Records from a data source
---+---

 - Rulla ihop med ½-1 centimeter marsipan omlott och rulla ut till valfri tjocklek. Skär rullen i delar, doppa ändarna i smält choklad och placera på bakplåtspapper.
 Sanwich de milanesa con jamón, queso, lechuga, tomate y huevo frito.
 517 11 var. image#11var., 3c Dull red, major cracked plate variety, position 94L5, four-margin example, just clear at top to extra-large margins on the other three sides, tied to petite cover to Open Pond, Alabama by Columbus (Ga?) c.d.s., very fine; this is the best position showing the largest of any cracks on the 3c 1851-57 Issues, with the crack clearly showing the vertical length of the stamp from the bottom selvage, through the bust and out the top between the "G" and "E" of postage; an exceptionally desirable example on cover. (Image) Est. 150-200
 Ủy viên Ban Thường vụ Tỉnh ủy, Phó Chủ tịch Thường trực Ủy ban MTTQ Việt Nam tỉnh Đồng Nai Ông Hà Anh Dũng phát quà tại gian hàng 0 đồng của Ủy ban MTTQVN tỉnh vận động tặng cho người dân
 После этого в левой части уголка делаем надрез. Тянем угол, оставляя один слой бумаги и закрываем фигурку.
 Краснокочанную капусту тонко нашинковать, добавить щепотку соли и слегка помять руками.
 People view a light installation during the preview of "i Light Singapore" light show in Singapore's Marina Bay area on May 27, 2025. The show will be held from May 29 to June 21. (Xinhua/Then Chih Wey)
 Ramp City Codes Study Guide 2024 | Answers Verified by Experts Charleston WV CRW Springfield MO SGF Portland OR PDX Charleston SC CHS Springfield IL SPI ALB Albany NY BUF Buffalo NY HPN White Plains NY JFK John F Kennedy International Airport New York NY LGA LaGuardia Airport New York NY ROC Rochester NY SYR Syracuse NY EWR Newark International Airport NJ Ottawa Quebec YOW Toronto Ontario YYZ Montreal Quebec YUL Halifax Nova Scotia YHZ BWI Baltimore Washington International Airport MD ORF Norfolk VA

---+---

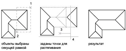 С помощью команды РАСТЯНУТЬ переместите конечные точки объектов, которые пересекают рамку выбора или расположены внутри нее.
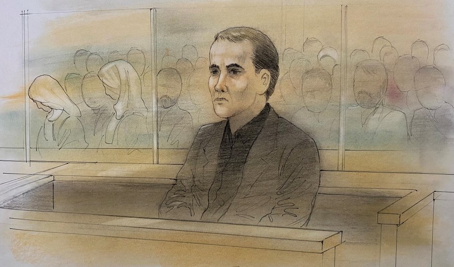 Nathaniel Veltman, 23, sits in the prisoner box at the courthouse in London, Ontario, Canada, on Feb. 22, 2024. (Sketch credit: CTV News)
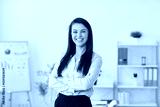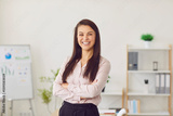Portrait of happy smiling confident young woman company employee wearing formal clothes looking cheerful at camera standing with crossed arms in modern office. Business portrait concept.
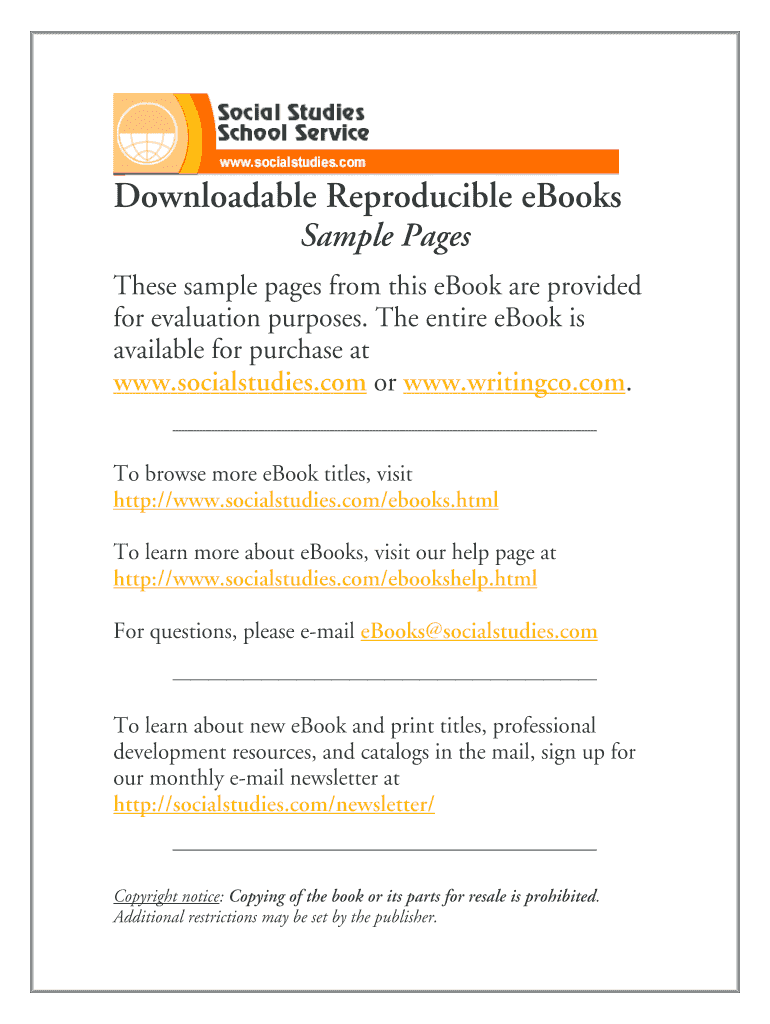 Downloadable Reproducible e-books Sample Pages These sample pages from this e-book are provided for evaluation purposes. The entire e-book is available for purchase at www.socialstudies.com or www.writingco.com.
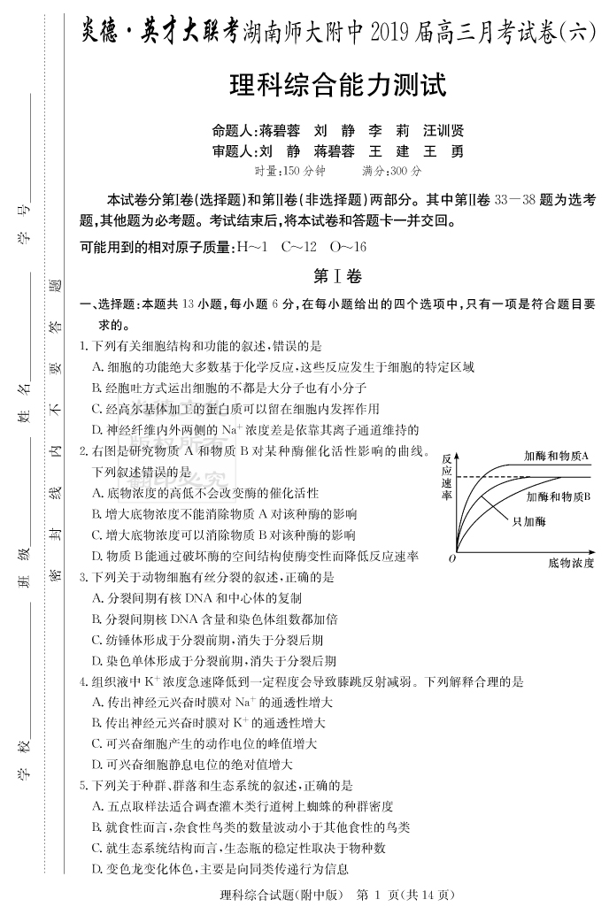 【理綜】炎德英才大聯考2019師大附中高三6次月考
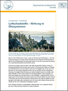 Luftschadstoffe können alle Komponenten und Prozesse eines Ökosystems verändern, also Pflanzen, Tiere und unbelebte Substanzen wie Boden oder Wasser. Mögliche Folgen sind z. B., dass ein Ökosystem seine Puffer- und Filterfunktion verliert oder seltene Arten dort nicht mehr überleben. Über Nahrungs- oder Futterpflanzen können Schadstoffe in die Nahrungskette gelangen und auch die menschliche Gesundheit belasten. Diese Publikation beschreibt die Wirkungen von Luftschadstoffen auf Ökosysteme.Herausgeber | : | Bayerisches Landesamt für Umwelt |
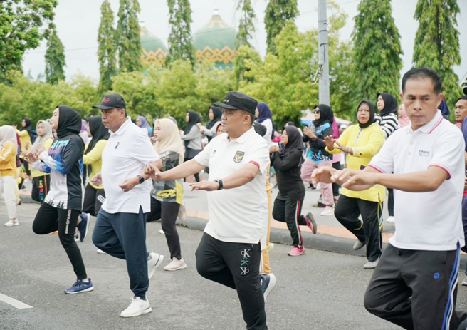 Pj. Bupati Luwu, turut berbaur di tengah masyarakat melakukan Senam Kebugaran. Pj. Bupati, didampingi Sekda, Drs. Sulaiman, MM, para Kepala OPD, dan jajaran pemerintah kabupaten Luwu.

---+---

» What is being asked: The answer must be the part of the records that opens with the line containing "Luftschadstoffe können alle" and closes with the line containing "Pj. Bupati Luwu, turut", reproduced exactly, with no pictures.

» Answer area:
 Luftschadstoffe können alle Komponenten und Prozesse eines Ökosystems verändern, also Pflanzen, Tiere und unbelebte Substanzen wie Boden oder Wasser. Mögliche Folgen sind z. B., dass ein Ökosystem seine Puffer- und Filterfunktion verliert oder seltene Arten dort nicht mehr überleben. Über Nahrungs- oder Futterpflanzen können Schadstoffe in die Nahrungskette gelangen und auch die menschliche Gesundheit belasten. Diese Publikation beschreibt die Wirkungen von Luftschadstoffen auf Ökosysteme.Herausgeber | : | Bayerisches Landesamt für Umwelt |
 Pj. Bupati Luwu, turut berbaur di tengah masyarakat melakukan Senam Kebugaran. Pj. Bupati, didampingi Sekda, Drs. Sulaiman, MM, para Kepala OPD, dan jajaran pemerintah kabupaten Luwu.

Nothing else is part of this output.